Pictures stay out. Everything else in the listing below gets written out exactly.
*** PROVIDED MATERIAL ***
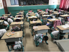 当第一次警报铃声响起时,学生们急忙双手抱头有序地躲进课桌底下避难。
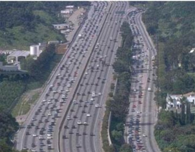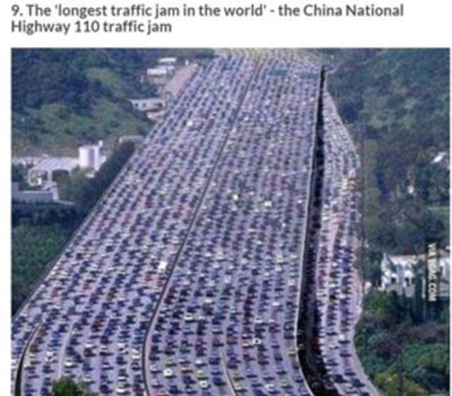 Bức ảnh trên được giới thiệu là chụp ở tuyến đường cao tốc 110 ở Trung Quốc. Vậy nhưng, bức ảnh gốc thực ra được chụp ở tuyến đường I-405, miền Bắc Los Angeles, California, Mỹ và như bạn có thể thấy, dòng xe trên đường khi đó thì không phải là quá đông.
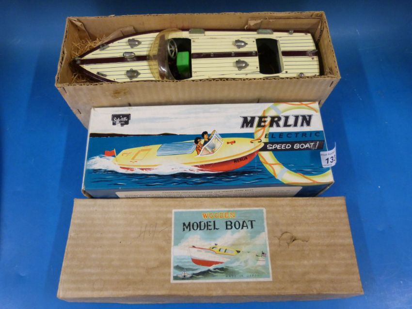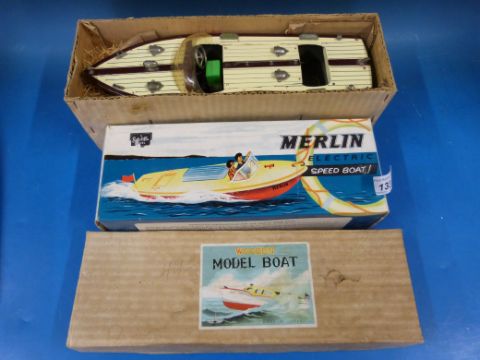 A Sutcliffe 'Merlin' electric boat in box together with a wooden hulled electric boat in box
*** End of PROVIDED MATERIAL ***
[REPLY TO THE TASK]:
 当第一次警报铃声响起时,学生们急忙双手抱头有序地躲进课桌底下避难。
 Bức ảnh trên được giới thiệu là chụp ở tuyến đường cao tốc 110 ở Trung Quốc. Vậy nhưng, bức ảnh gốc thực ra được chụp ở tuyến đường I-405, miền Bắc Los Angeles, California, Mỹ và như bạn có thể thấy, dòng xe trên đường khi đó thì không phải là quá đông.
 A Sutcliffe 'Merlin' electric boat in box together with a wooden hulled electric boat in box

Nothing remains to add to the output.